Всё Немесиду пою, без которой стих мой не в силах
Слов подходящих найти и соразмерить стопу.
Ты же, красавица, знай: охраняют боги поэтов!
И потому пощади, помни святого певца,
115 Чтобы прославить я мог Мессалина, когда понесет он
Пред колесницей своей взятые им города,[240]
Лавр на чело возложив; и, лавром диким увенчан,
Примется воин греметь кликами: «Славься, триумф!»
Мой же Мессала толпу поразит тогда зрелищем дивным:
120 Шествие сына почтит рукоплесканьем отец.
Благослови меня, Феб! Да вьются всегда твои кудри
И да пребудет вовек чистою девой сестра![241]

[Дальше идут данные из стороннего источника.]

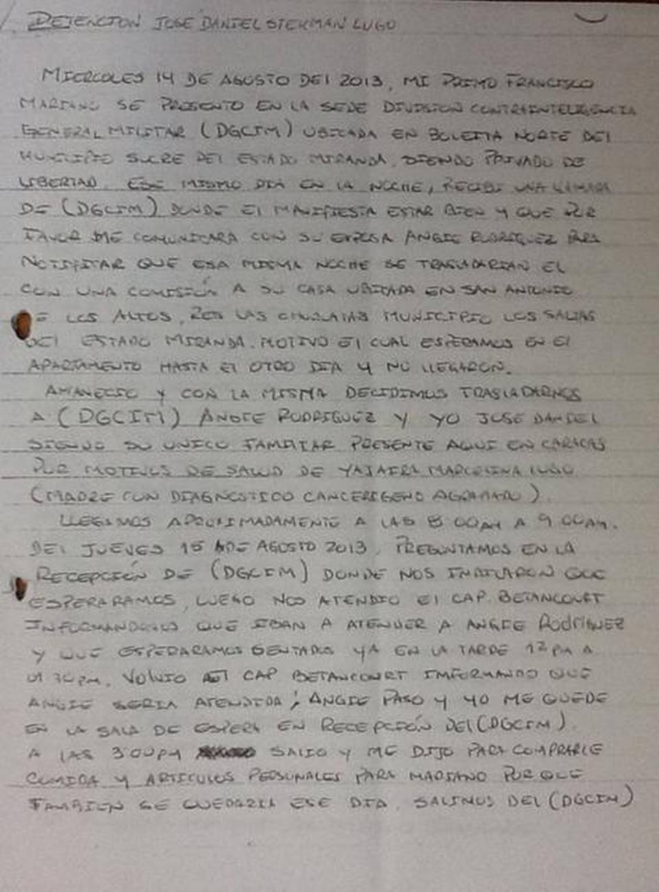 El relato forma parte del testimonio escrito a mano por José Daniel Stekman Lugo, quien fue interceptado a mediados de agosto del 2013 por cuatro hombres que luego lo torturaron para obligarlo a confesar dónde estaban el el dinero y los autos de su tío. Pero sus agresores no eran delincuentes comunes sino agentes de la Dirección General de Contrainteligencia Militar de Venezuela (DGCIM).

В лагерь сбирается Макр.[242] Что станется с нежным Амуром?
Пустится ль храбро вослед, на спину вскинув колчан?
И повлекут ли бойца дороги земли или море,
Бурное, станет ли бог оруженосцем его?
5 Жги же ты, мальчик, того, кто забыл о досуге любовном
И под знамена свои вновь призови беглеца.
Если ж бойцов ты щадишь, то вот тебе еще новый:
В легком он шлеме себе сам будет воду носить.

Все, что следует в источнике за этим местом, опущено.